### [WORK TO COMPLETE]
Write the data out again exactly, dropping any images it holds.

### [SOURCE MATERIAL]

=-=-=-=-=

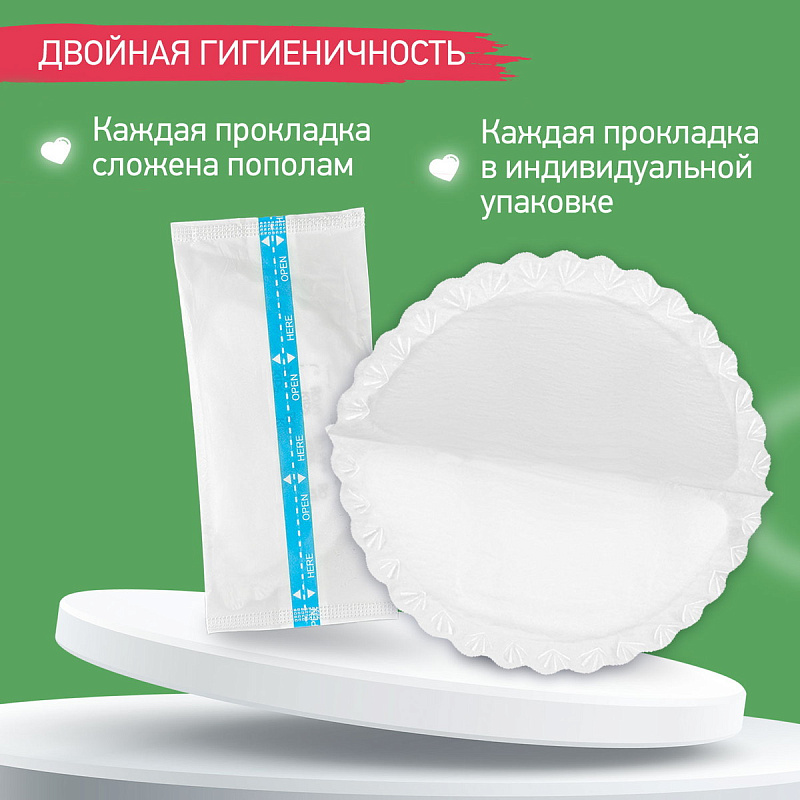 Прокладки для груди являются незаменимым предметом личной гигиены любой мамы. Мягкая текстура волокна с современным суперабсорбентом надежно впитает всю влагу и предотвратит раздражение кожи груди и сосков. Вкладыши удобно крепятся к бюстгальтеру с помощью двойного клейкого слоя, а их объемная форма обеспечит плотное прилегание к груди. Внешняя поверхность препятствует попаданию влаги на одежду и при этом позволяет коже дышать. Каждая прокладка упакована в индивидуальную упаковку для удобного хранения.
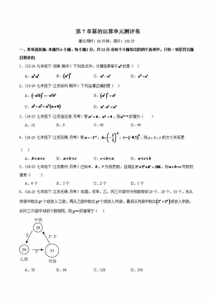 【苏科版】七年级数学下册-第7章:幂的运算(单元测评卷)(原卷版)
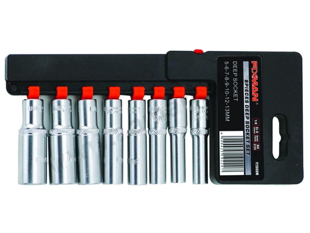 Sada dlouhých nástrčných 6-hranných hlavic 1/4" 8ks - FIXMAN
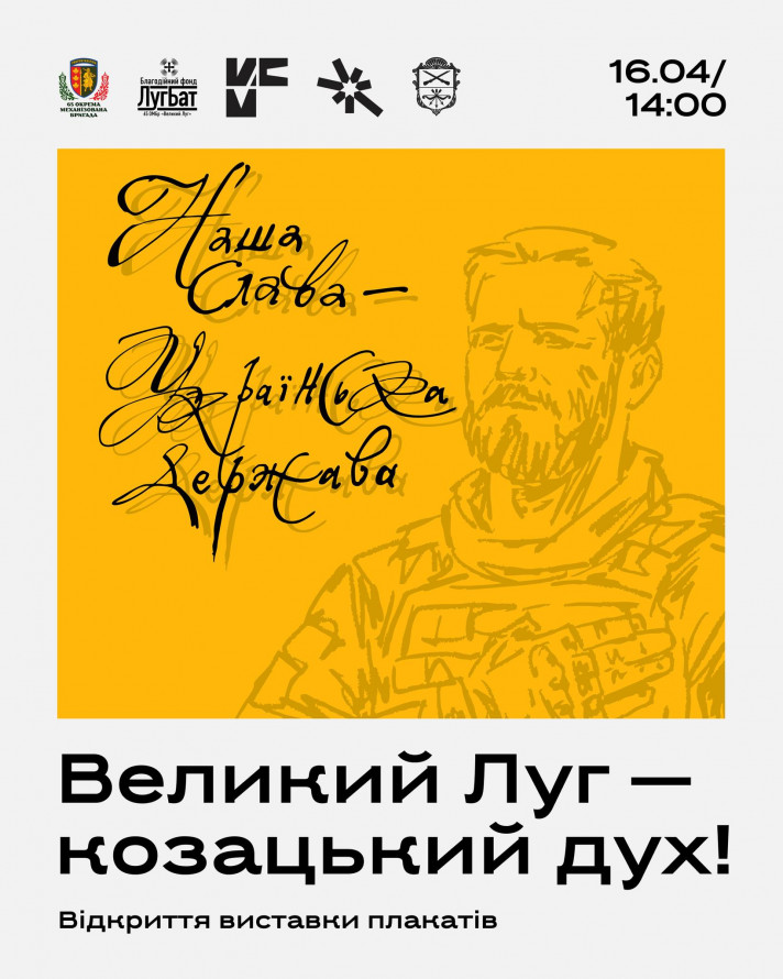 - 16 квітня о 14.00 - відкриття виставки "Великий Луг - козацький дух!" Андрія Єрмоленка, Нікіти Тітова і Богдана Бринського, на бульварі Марії Примаченко.

=-=-=-=-=

### [THE ANSWER]
 Прокладки для груди являются незаменимым предметом личной гигиены любой мамы. Мягкая текстура волокна с современным суперабсорбентом надежно впитает всю влагу и предотвратит раздражение кожи груди и сосков. Вкладыши удобно крепятся к бюстгальтеру с помощью двойного клейкого слоя, а их объемная форма обеспечит плотное прилегание к груди. Внешняя поверхность препятствует попаданию влаги на одежду и при этом позволяет коже дышать. Каждая прокладка упакована в индивидуальную упаковку для удобного хранения.
 【苏科版】七年级数学下册-第7章:幂的运算(单元测评卷)(原卷版)
 Sada dlouhých nástrčných 6-hranných hlavic 1/4" 8ks - FIXMAN
 - 16 квітня о 14.00 - відкриття виставки "Великий Луг - козацький дух!" Андрія Єрмоленка, Нікіти Тітова і Богдана Бринського, на бульварі Марії Примаченко.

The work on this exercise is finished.